Un larguísimo aplauso los recibió. Fue el primero de los muchos con los que un auditorio lleno hasta el protocolo agradeció el reencuentro en una tarde de emociones. Había mucho de catarsis en esa bienvenida. Acaso tenía que ver con esa forma de purificación del rito que permite la presencia, la palabra directa en el momento preciso, cuando es posible intuir que algo está terminando para dar lugar a otros comienzos. El domingo, en el Centro Cultural Kirchner, Liliana Herrero, Teresa Parodi y Juan Falú estrenaron Mojones, signos y memoria de la Patria (se repetirá en la misma sala los domingos de agosto, el 23 también por streaming). Un recital, una forma de cantata punzante y afectuosa en la que tres de los nombres más significativos del presente ancho de la música argentina intercambiaron y elaboraron asombros y certezas en torno a momentos significativos de la historia argentina. También, una forma de rendir homenaje, expresar gratitud, reconocimiento, amor, a Horacio González, el intelectual que a lo largo de toda su vida se encargó de pensar y dejar eso que expresa el nombre del concierto.
Lilián Saba en piano, Pedro Rossi en guitarra, Facundo Guevara en percusión y Ariel Naón en contrabajo, redondearon un óptimo marco sonoro para estos Mojones. Por sobre ellos –y por sobre todos– “sonó” el recuerdo de González, el mejor lector posible que tuvo desde sus inicios el proyecto ideado por Herrero, además de creador pródigo de los textos que glosaron cada una de las canciones, en su gran mayoría compuestas por Parodi y Falú.
Si el tango preferido del sociólogo y mejor amigo de los taxistas fue “Nieblas del Riachuelo”, el atardecer extrañamente neblinoso del Bajo porteño pareció dar inicio, ya antes de ingresar al CCK, al amoroso homenaje que siguió. Ya en la sala principal del centro cultural, las palabras de González dichas por Herrero dieron comienzo al relato retumbando en el silencio de la expectativa. “En estos mojones se toman hechos fundamentales de la historia argentina, pero perseguidos por su sombra infatigable: la leyenda”, dice González en la voz de Herrero para habilitar ese espacio mítico que es la medida sentimental de las intemperancias populares. Por esa huella, nítida, comenzaron a circular las canciones, síntesis afectuosamente acabadas de algunas de las gestas que interpelan nuestra historia.
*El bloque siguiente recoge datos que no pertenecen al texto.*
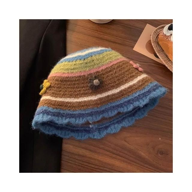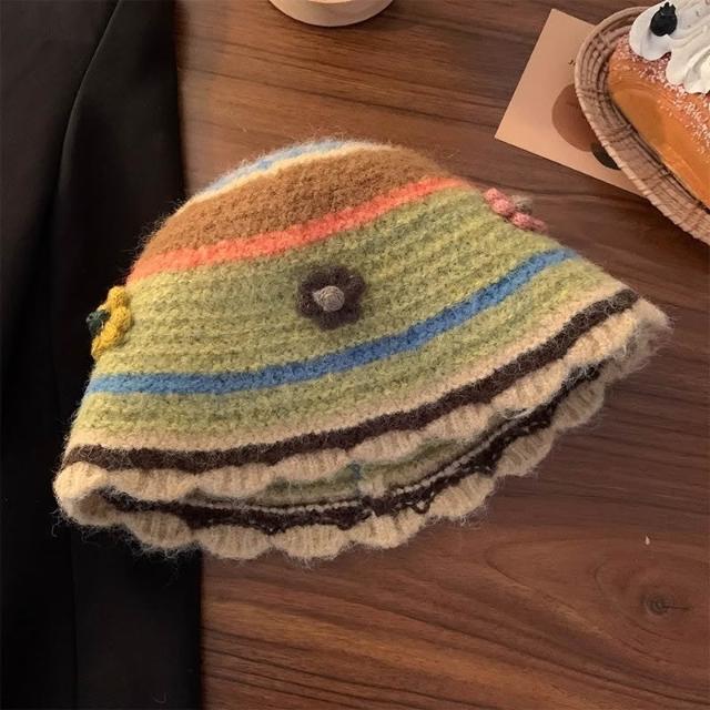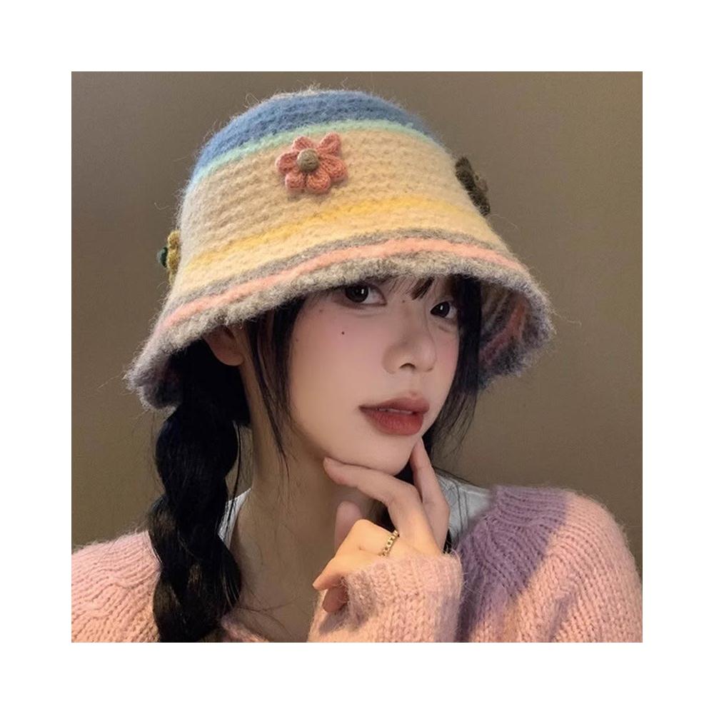 Fortune毛線帽女🌈毛綫帽女秋冬花朵手工針織漁夫帽季顯臉保暖毛綫甜美百搭編織帽子

“El nombre sin fin”, un candombe que canta a las voces con la que los pueblos suelen cristalizar su identidad, entibió un clima y temperó la inquietud del inicio. Siguieron “El canto primero”, un chamamé a las lenguas de los pueblos originarios y al desafío de su persistencia, y “Bando”, una cueca inspirada en el discurso de San Martín al ejército de los Andes. Uno de los grandes momentos del recital fue “En esa soledad”, una certera zamba sobre la muerte de Facundo Quiroga, antes de “Martín”, una canción extraordinaria de Edgardo Cardozo, un alucinado compendio del Martín Fierro. Como para tantos asuntos y discusiones sobre la patria, también para Mojones el gaucho Fierro, en particular esta canción, fue el disparador.
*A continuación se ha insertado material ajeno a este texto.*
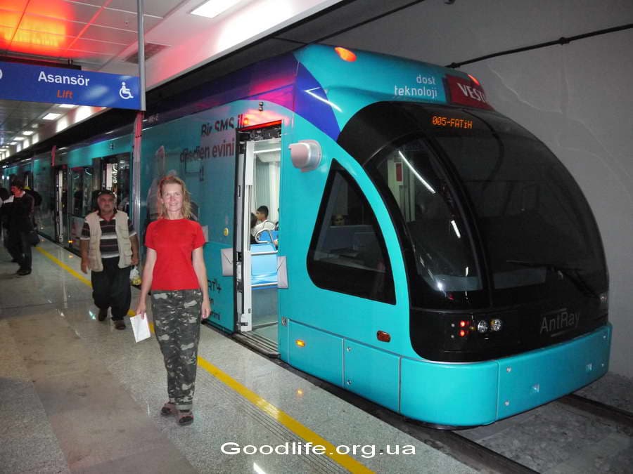 В Кумлудже сразу сели на автобус в Анталию (95 км, 2 часа, 10 лир), в 3 часа дня мы уже в Анталии. Тут нам нужен автобус до Гёреме. Оказалось, единого расписания нет, зато есть штук 15 разных компаний, и в нашем направлении как минимум 3 возят, но по разным ценам и в немного разное время. Самая дешевая (из найденных мной) компания (Aksaray) хотела по 35 лир за билет, остальные – по 40. С дешёвой договориться не удалось – менеджер совершенно не знал английский, и хотел мне объяснить какие-то важные подробности поездки, которые я понять не смог. Купил билеты там, где всё было понятно – в Metro. По 40 лир, отправление в 21:30, прибытие в 7:30. 10 часов в пути. Пообещали высокий комфорт и телевизор у каждого свой. Отлично! Теперь есть несколько часов, которые можно потратить на знакомство с Анталией. Сдаём рюкзаки в камеру хранения (по 4 лиры). Особенно нам нужны были карты Турции и газовый баллон для горелки. Куда ехать и где их искать – неизвестно. Никакого общественного транспорта рядом с автовокзалом не было видно. Тут же обратил внимание на указатели «Antray – Tramway». Точно! Это то, что нам нужно! Дёшевый, медленный (успеем порассматривать магазины) и наверняка идёт в центр.

Hablando de mojones, de signos y de significantes, también las voces de Herrero y Parodi, sus maneras de decir, constituyen referencias poderosas, señales insustituibles para reconocer y reconocerse en ese tiempo y su espacio que es la canción argentina de, por lo menos, las últimas cuatro décadas. Como también la guitarra de Juan Falú. Con esa autoridad, que no se construye en un día, los intérpretes se concedieron con generosidad en la tarea colectiva; desde ese lugar se pararon en el escenario.
“La plaza”, un tango al sol sublevado de ese evento del 17 de octubre de 1945 “que partió el tiempo en dos”, como reflexiona González, ahora en la voz de Falú, en la glosa introductoria. “Pañuelito sin adiós”, un bailecito a las Madres y Abuelas de Plaza de Mayo. “Remanso azul”, una oportuna interpolación de un poema de Pepe Núñez, con música de Falú. “La bengala”, el poema de Gustavo Caso Rosendi, combatiente de Malvinas. Todas retuvieron la memoria del siglo 20.
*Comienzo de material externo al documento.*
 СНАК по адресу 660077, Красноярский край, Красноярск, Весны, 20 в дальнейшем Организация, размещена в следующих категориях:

Hacia el final “Los sueños que no perdimos”, recuerdo de Horacio González, fue otro gran momento de la noche, antes del final con la bellísima “Vidala del que no está”. “Sé, que aquí está quien no está, vive en cada canción que es posible cantar”, sonó como un mantra. Y retumbó en los obligados bises, ya a capella, entre el aplauso agradecido y la sensación poderosa de que esa celosa y muchas veces caótica urdimbre de hechos que van dando forma a la Historia, no son sino una manera de contar. Y de cantar.